Hair Highlighting Technique – The New York Times

FRIDAY PUZZLE – Let’s say you’re trying to improve your solving and you’ve managed to push yourself to the point where the themed puzzles are starting to get a little ho-hum. Sure, Thursday themes are fun, but are you brave enough to take the plunge into Friday’s themeless crossword puzzle, which happens to be the second-toughest puzzle of the week?

Of course you do. There is nothing to fear here. In fact, this crossword by Erik Agard and Brooke Husic is a great way to take that leap. Their grid might look a little different because it uses mirror symmetry (as opposed to diagonal symmetry), but you’ve probably seen this before. The clues are harder, but there’s nothing here that you can’t handle, even if you don’t solve it all at once or need the crosses to help you.

You have this.

Let’s take a closer look at this puzzle after the spoiler alert.

First of all, I would just like to say that this puzzle got me to 20A’S WEIGHTED BLANKET. I love mine and I sleep so much better thanks to it. The theory behind the blanket is that gentle pressure on the body can help calm nerves and reduce anxiety. You also get a decent drag when trying to fold it or carry it to and from the washing machine.

The WEIGHTED BLANKET is combined with the HEAVY SECURITY of 51A to form a small “theme”, which is not expected on a Friday but gives the puzzle a stylish touch.
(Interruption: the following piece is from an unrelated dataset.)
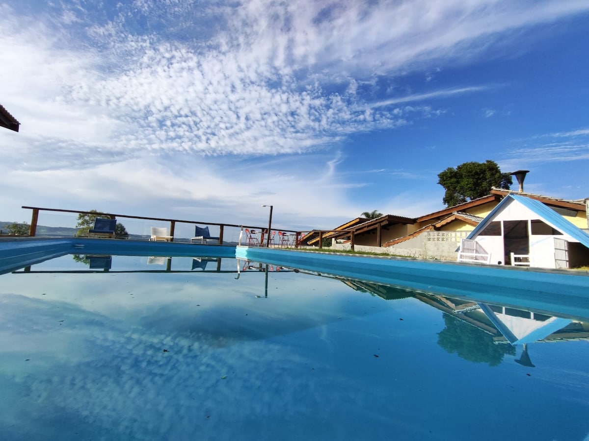 O valor varia conforme a quantidade de hospedes e diárias, ao realizar uma solicitação de reserva escolha a quantidade correta. Espaço perto do centro da cidade. Você vai amar o espaço por causa do aconchego. Espaço ótimo para casais, famílias (com crianças), grandes grupos e animais de estimação de pequeno porte. Há um amplo espaço arborizado com piscina, toboágua, campo de futebol, churrasqueira, área para fogueira, dois quiosques e muita tranquilidade a menos de 50 minutos de São Paulo.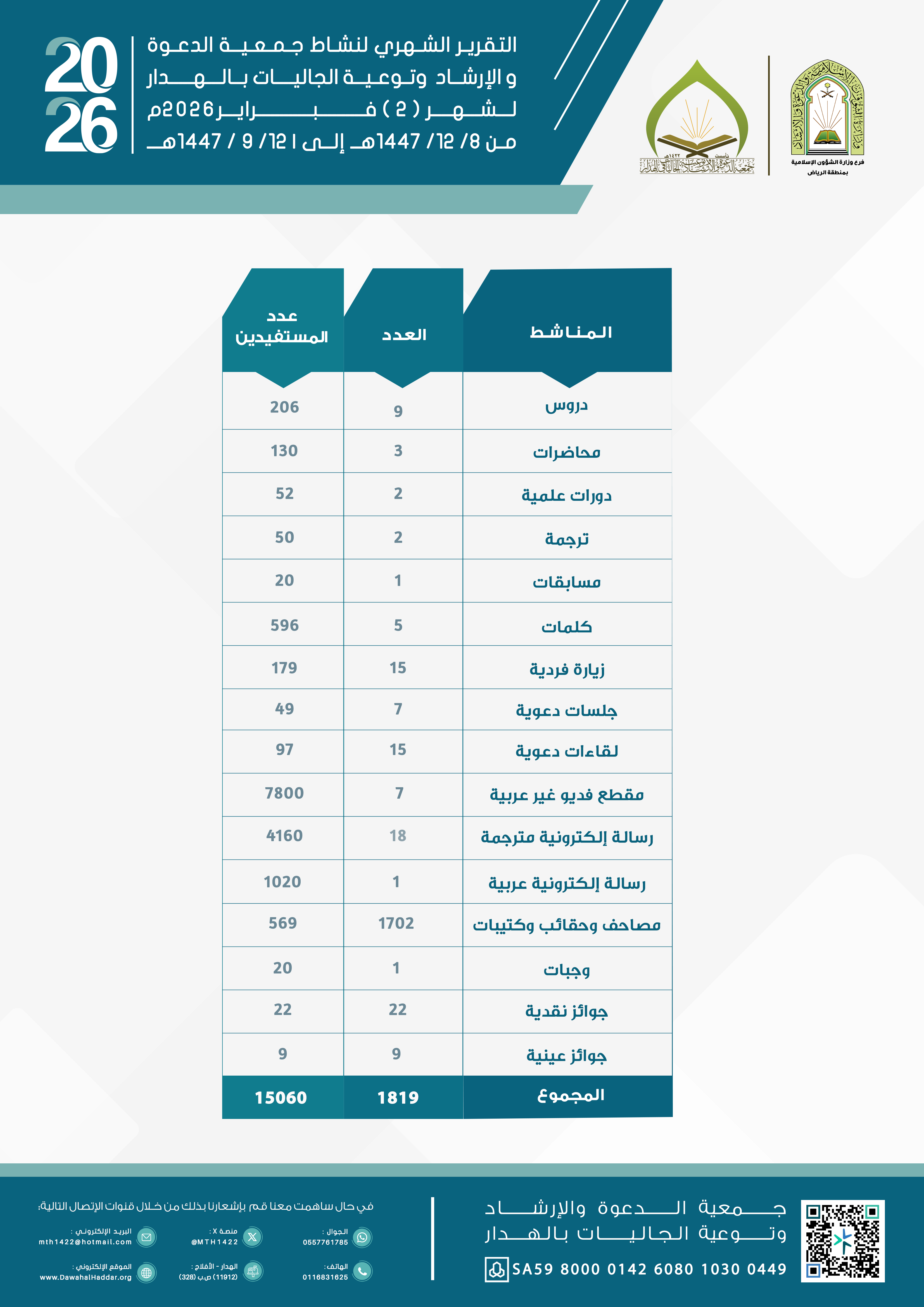 مارس162026التقارير الشهرية مواضيع ذات صلةيناير 2026 مالأربعاء 16 شعبان 1447هـشهر ديسمبر 2025مالسبت 14 رجب 1447هـشهر نوفمبر 2025مالأثنين 10 جمادى الآخرة 1447هـأكتوبر 2025مالثلاثاء 4 جمادى الآخرة 1447هـسبتمبر 2025مالأحد 11 جمادى الأولى 1447هـأغسطس 2025مالثلاثاء 1 ربيع الثاني 1447هـ

The best part about solving a themeless puzzle is that having no theme gives the builder more room to include long, shiny entries, such as STREET FOOD, CANDY HEART, IN ABSENTIA, HASHTAGS, and SWEEP. I knew the hair highlighting technique, but I had a hard time getting the whole word out of my brain and fitting it into the puzzle: “AGE…BAYAGE…BALAYAGE!” Thank goodness for the nice crossings.

17A. In this puzzle, the “music group” is not a group but a classification. The answer is ALTOS.

23A. If you haven’t seen the 2019 movie “Parasite” yet, stop what you’re doing, find it on a streaming platform, and watch it now. The film is disturbing but brilliant. Actress LEE Jung-eun played the role of housekeeper, Moon-gwang.

24A. A phrase synonymous with the “‘Word is…'” clue is THEY SAY, and yes, of course, I’m going to play you a song from “Hamilton” that starts with that entry.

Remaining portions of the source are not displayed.